We hear it in the writings of the prophet Isaiah. “Ho, everyone who thirsts, come to the waters … incline your ear, and come to me. (55: 1-3)
It is reported again by the prophet Micah. “O my people, what have I done to you? In what have I wearied you? Answer me! (6:3)
It is reiterated by Jesus. “Come to me, all you that are weary and carrying heavy burdens, and I will give you rest”. (Matthew 11: 28)
And through to the final book of the Bible, the risen Christ finds himself locked out and asking to be let in. “Listen! I am standing at the door, knocking; if you hear my voice and open the door, I will come in to you.” (Revelation 3: 20)
In summary, Christian truth is that if an unscalable wall and a locked gate really do exist to separate us from the nearer presence of God, that is not of God’s doing, but of ours.
The jokes lead one to believe that our chances of being admitted to heaven depend solely upon how our good deeds in life weight in on Peter’s scale, or alternately on our skill in correctly answering one of his absurd, trick questions.
Not so!
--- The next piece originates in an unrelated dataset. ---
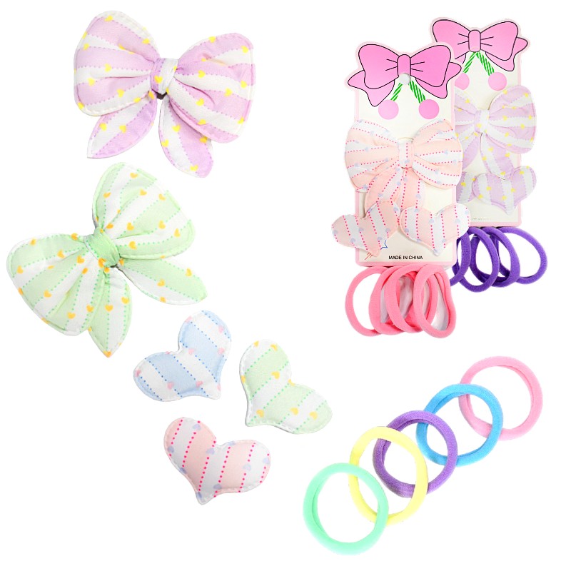 El kit está compuesto de colitas y ganchitos ideales para pequeños detalles en el cabello.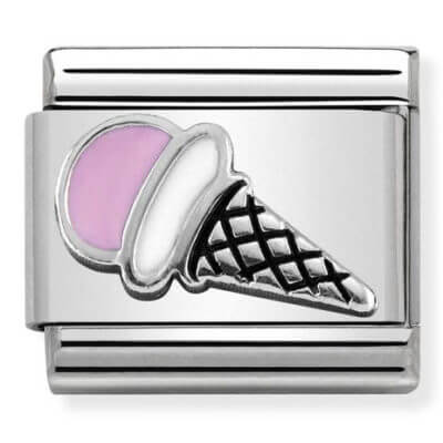 Original Charm for Nomination’s Composable Classic bracelet in stainless steel, oxidised sterling silver and enamel with pink Ice Cream. Made in Italy. Jewellery for someone who never forgets their sweet side.

Not even close!
This brings us to the very essence of what we call the ‘Gospel’, the ‘Good News’, the ‘Evangel’. The Good News is that God, in Christ and in dramatic style, severed the Gordian death Knot for us.
We do not comprehend exactly how the death of Jesus ‘worked’ as a saving transaction, except to affirm that the resurrection did not just happen because the conditions of his faith and righteousness were propitious at that moment. What then? Was it a ransom, as some hymns suggest? Personally, I don’t buy that. Did his blood have a purchasing power that sanctifies us? Frankly, that doesn’t turn my crank either.
Mostly, what Christians assert about the resurrection is that it was a God event, that God was in Christ, reconciling the world to himself. (2 Corinthians 5: 19) Or, as St. Paul declares with utter simplicity, “God … raised {Jesus} from the dead”. (Colossians 2: 12) I can live with that ambiguity. But mostly I like the Prayer Book’s take on the matter, that on the cross Jesus “made there, by his one oblation of himself once offered, a full, perfect, and sufficient sacrifice, oblation, and satisfaction, for the sins of the whole world”. (Prayer of Consecration)
Well, that’s my story, anyway, and I’m sticking to it. No joking!